In deciding that the act had not been passed in violation of either Section 2 or 4, we stated:

The rule, as followed by other jurisdictions, is that an amended bill need not be referred to committee or considered on three separate days in the House from which the bill which was amended originated, if the amendments are germane to, and do not wholly change, the general subject of the bill. ...
The general subject of the version of House Bill 1042 that was sent to the Senate for approval *539was, ... agricultural business in the Commonwealth, the general purpose being the increase of the impact of said business. It is the opinion of this Court that, by amending a bill to provide for what is in effect an unemployment compensation tax advantage to companies engaged in canning and freezing of fruits and vegetables, the Senate did not change the subject matter of said bill. By reducing the unemployment compensation tax rate for seasonal fruit and vegetable food processing operations in the Commonwealth, other fruit and vegetable food processing operations may be attracted into conducting business in the Commonwealth.

Parker at 122-3, 540 A.2d at 328-29 (emphasis added) (citations omitted).
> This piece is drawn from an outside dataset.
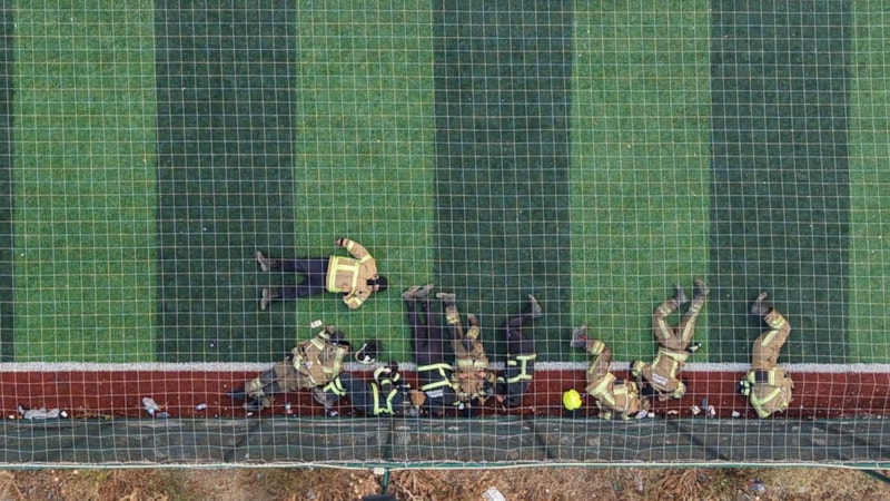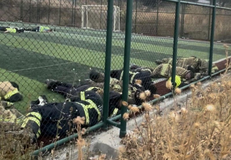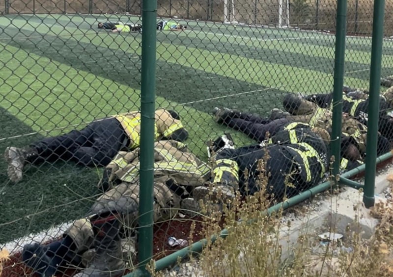 Üç ilçeyi etkileyen ve 3 köyün boşaltılmasına sebep olan yangında, 12 saat boyunca fedakarca çalışan ve ormanın derinliklerine girip alevleri bastıran itfaiye erleri, halı sahada dinlendi. Zor şartlar altında birkaç saatliğine dinlenerek göreve hazırlanan erler, dikkat çeken görüntüler oluşturdu.

Parker was the first Pennsylvania case to apply the “germaneness” test to Article III, Sections 2 and 4 challenges. That is not to say that the concept was not recognized in Pennsylvania. Former Justice WILLIAM HUTCHINSON of the Pennsylvania Supreme Court, himself a member of the Legislature before being elected to that court, has recognized the existence of such a concept. “The permissible scope of amendments to a bill has always been extremely broad and the freedom to compromise in conference is a sine qua non of the legislative process. Essentially, however, the legislature has adhered to the requirement that all amendments be germane.” Consumer Party of Pennsylvania v. Commonwealth, 510 Pa. 158, 188, 507 A.2d 323, 338 (1986) (concurring opinion by HUTCHINSON, J., joined by PAPADAKOS, J.). We therefore must apply the test of Parker to decide if Sections 2 and 4 were violated in the passage of Act 15.
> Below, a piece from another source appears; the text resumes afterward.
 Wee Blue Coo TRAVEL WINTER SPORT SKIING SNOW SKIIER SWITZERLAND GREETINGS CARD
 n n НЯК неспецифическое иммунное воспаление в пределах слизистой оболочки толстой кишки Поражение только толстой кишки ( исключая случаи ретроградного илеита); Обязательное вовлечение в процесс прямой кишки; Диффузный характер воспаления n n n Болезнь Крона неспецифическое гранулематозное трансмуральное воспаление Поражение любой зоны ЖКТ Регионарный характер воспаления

*540The present bill initially considered on three occasions in the Senate, as previously mentioned, dealt with payments of estimated taxes by farmers. The bill in which the Senate concurred upon return from the House included transactions of PARD members described earlier within the purview of the Installment Sales Act. In our view, the latter is not germane to the former. Rather, the amendments finally passed by the House wholly changed the original bill. Because the Senate neither referred the amended bill to committee nor considered it three times, both Sections 2 and 4 of Article III have been violated. Parker.
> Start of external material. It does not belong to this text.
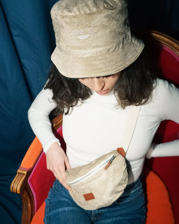 Adoptez l’élégance discrète et le confort absolu avec le Sac Banane Binette – Velours Côtelé Beige Sable. Son tissu doux et chaleureux en velours côtelé upcyclé, associé à une teinte neutre et raffinée, en fait un accessoire aussi polyvalent que tendance, parfait pour un hiver tout en douceur.

The Commonwealth argues that the amendments were germane as both bills affect the economic well being of the Commonwealth. To take such a broad view of the germaneness test would, in our view, render that test meaningless. We do not take lightly the action of declaring Act 15 unconstitutional, for we are ever mindful of the deference owed to co-equal branches of government. Where, however, the Legislature has violated a section of Article III in passing legislation, we must fulfill our duty of interpreting the Constitution and where need be, as here, hold that Act 15 has been passed in an unconstitutional fashion. Accord Scudder v. Smith, 331 Pa. 165, 200 A. 601 (1938).2

Order

NOW, February 22, 1989, the petitioner’s motion for summary judgment is granted and it is hereby declared that the Act of February 26, 1988, P.L. 78, Act No. 1988-15, is unconstitutional. Respondents’ motion for summary judgment is denied.

Respondent Casey argues that the action against him should be dismissed because he is not a necessary party. Because of our resolution of the other questions posed, we need not address this argument.

Because of our resolution of PARD’s claims under Sections 2 and 4 of Article III, we need not address PARD’s argument that Article III, Section 1 was violated.